During the press conference after Nigeria had beaten Ivory Coast in the African Cup of Nations quarter-final in February, Mark Gleeson—the doyen of South African football journalism—raised his hand to ask a question.
Stephen Keshi, Nigeria’s coach, saw him and recognised a figure who has dominated reporting on the African game for a couple of decades. "Big man," he beamed (Gleeson is 6’9”). “I haven’t seen you in ages. Where have you been?”
"I’ve been covering the big boys," Gleeson replied, at which Keshi, as he is prone to do, tossed back his head and laughed. He knew, as did the rest of the room, that there was a truth in the joke. Nigeria had not even qualified for the Cup of Nations in 2012 and, although they have been regular semi-finalists over the past decade, they hadn’t really looked like potential winners since 2004.
By beating the favourites, though, and beating them convincingly, Nigeria had rejoined the elite.
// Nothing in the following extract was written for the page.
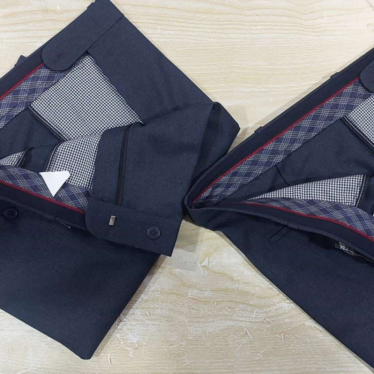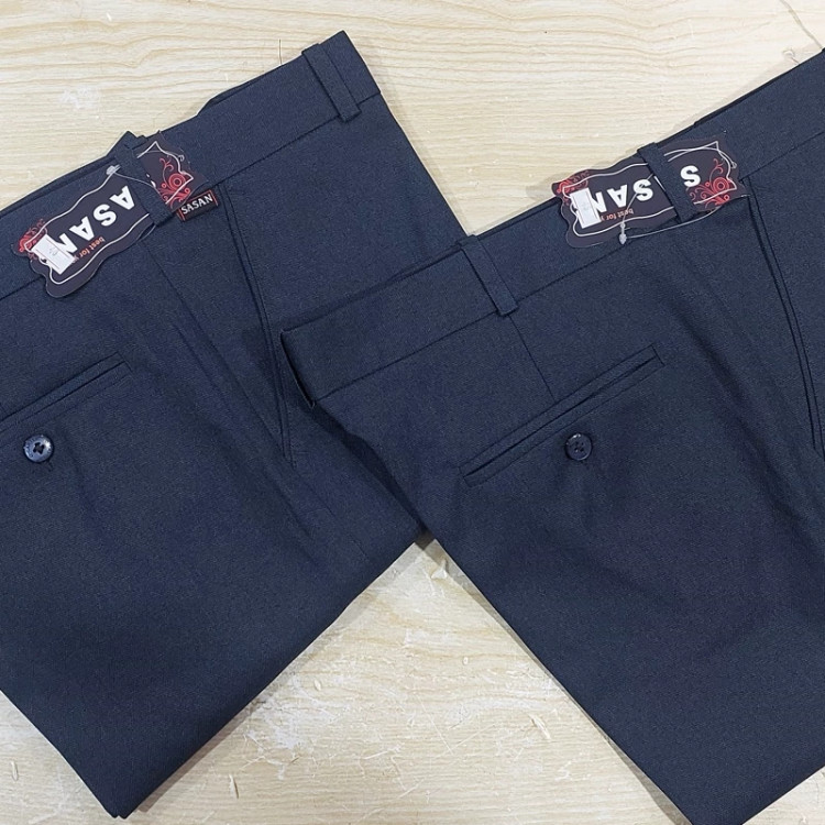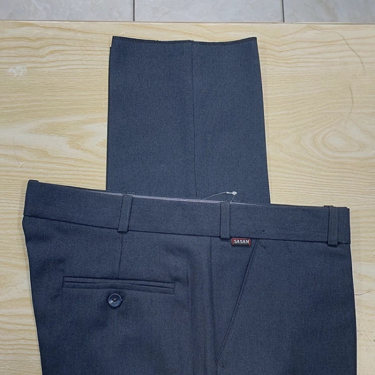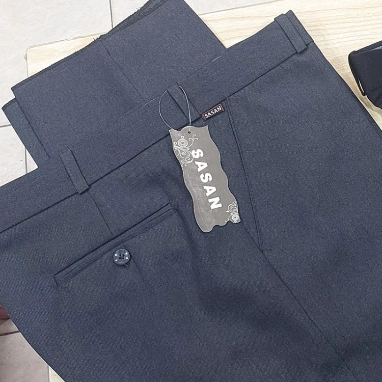 شلوار پارچه ای مردانه ایرانی آبی خاص متمایل به خاکستری ، تولید شده در تولیدی های داخلی استاندارد.

They went on to crush Mali in the semi-final before beating Burkina Faso to win their first Cup of Nations since 1994. There was no doubt that the key figure had been Keshi.
Keshi’s greatest strength is probably his thick skin, his ability to keep crashing on despite all the ludicrous politicking that surrounds the job. He went seven months this year without being paid and, despite repeated promises, he has still not been fully paid what he was owed.
Immediately after the final, he threatened to resign—as per Sports Illustrated—because of plotting against him within the Nigerian Football Federation. Being Nigeria manager is an impossible job. Yet with the media, he has remained tough and good-natured, ready to fight but ready to laugh. It’s little wonder that his players seemingly find him such a source of strength.
Keshi’s charisma and clear force of personality, though, can obscure the fact that he is also a very fine tactician. Many previous Nigeria coaches have had far better squads to work with, but it is Keshi who has achieved the multiplicative effect that Arrigo Sacchi identified as key to the great tacticians: His team’s whole is greater than the sum of its parts.
To an extent that is a result of Keshi’s single-mindedness. The Nigerian press is a vociferous beast, its various factions constantly pressing the case of their own darlings. Keshi, though, has ignored them all. He wants players who are loyal and who do what he tells them, even if that meant doing what would have been unthinkable to many of his predecessors and calling up players from the Nigerian league. He is also quite prepared to kill games, even if Nigerian fans demand entertainment: He knows victory will validate any approach.
That quarter-final victory over Ivory Coast was a case in point. Ivory Coast have, over the years, gotten used to opponents sitting deep against them, trying to absorb pressure and strike on the counter-attack. Nigeria did the exact opposite. The two full-backs, Efe Ambrose and Elderson Echiejile, pushed high up the pitch, forcing Gervinho and Salomon Kalou to defend, something at which neither excels.
Ambrose, in particular, got forward to overlap, allowing Emmanuel Emenike to cut infield, a centre-forward operating from the right and making the most of the space created by the runs of the notional centre-forward Brown Ideye. In the centre, meanwhile, Mikel John Obi played as the more attacking of the two holders, repeatedly surging forwards and so forcing Yaya Toure to defend.
Keshi’s gamble was to make all three of Ivory Coast’s most creative players drop deep, and the result was that Didier Drogba was left isolated, dealing with a miserable diet of hopeful long punts.
Goals from Emenike and the central creator Sunday Mba gave Nigeria a thoroughly deserved 2-1 win, one that had its roots in Keshi’s tactical approach. He has made the impossible seem at least plausible.
The quotes in this piece were gathered in person by Jonathan Wilson at the African Cup of Nations.